# INFORMATION SUPPLIED
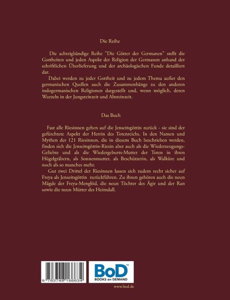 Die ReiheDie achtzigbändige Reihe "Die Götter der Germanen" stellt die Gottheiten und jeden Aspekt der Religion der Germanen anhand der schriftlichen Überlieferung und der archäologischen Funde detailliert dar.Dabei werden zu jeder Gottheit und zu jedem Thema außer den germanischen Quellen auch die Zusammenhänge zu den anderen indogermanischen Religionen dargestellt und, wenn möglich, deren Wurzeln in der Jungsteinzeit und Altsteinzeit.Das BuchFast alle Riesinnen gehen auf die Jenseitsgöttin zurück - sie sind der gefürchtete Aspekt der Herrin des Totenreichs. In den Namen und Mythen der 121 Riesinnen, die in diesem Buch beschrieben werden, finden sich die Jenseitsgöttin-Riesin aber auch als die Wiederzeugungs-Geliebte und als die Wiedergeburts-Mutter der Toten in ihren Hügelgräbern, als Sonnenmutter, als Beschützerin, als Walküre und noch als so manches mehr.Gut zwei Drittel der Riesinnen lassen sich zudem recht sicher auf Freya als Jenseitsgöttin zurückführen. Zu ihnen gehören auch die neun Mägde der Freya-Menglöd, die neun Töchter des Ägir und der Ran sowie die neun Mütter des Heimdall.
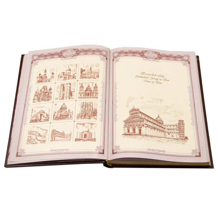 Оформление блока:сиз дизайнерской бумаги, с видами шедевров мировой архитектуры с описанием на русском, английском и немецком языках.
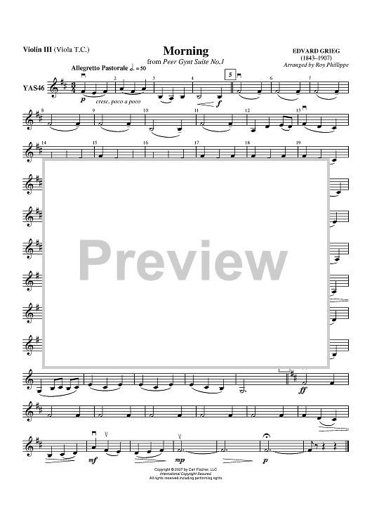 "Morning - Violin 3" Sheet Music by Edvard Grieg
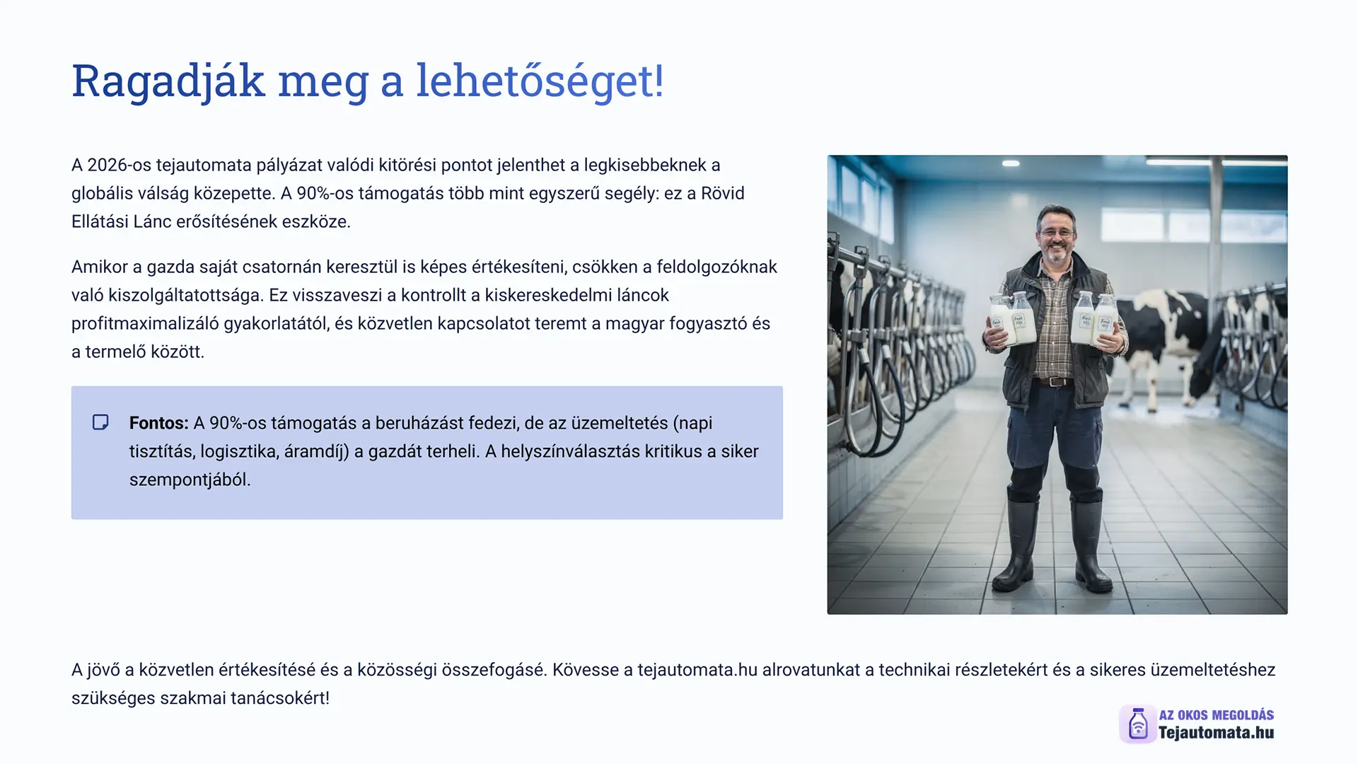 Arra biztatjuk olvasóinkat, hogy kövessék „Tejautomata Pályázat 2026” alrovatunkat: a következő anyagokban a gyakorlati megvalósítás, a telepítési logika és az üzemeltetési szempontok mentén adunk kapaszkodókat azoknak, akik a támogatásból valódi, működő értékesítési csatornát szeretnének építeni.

# BRIEF
Your reply should hold only the lines running from the one with "Оформление блока:сиз дизайнерской" to the end of the data above, set down exactly, pictures omitted.

# ANSWER SPACE
 Оформление блока:сиз дизайнерской бумаги, с видами шедевров мировой архитектуры с описанием на русском, английском и немецком языках.
 "Morning - Violin 3" Sheet Music by Edvard Grieg
 Arra biztatjuk olvasóinkat, hogy kövessék „Tejautomata Pályázat 2026” alrovatunkat: a következő anyagokban a gyakorlati megvalósítás, a telepítési logika és az üzemeltetési szempontok mentén adunk kapaszkodókat azoknak, akik a támogatásból valódi, működő értékesítési csatornát szeretnének építeni.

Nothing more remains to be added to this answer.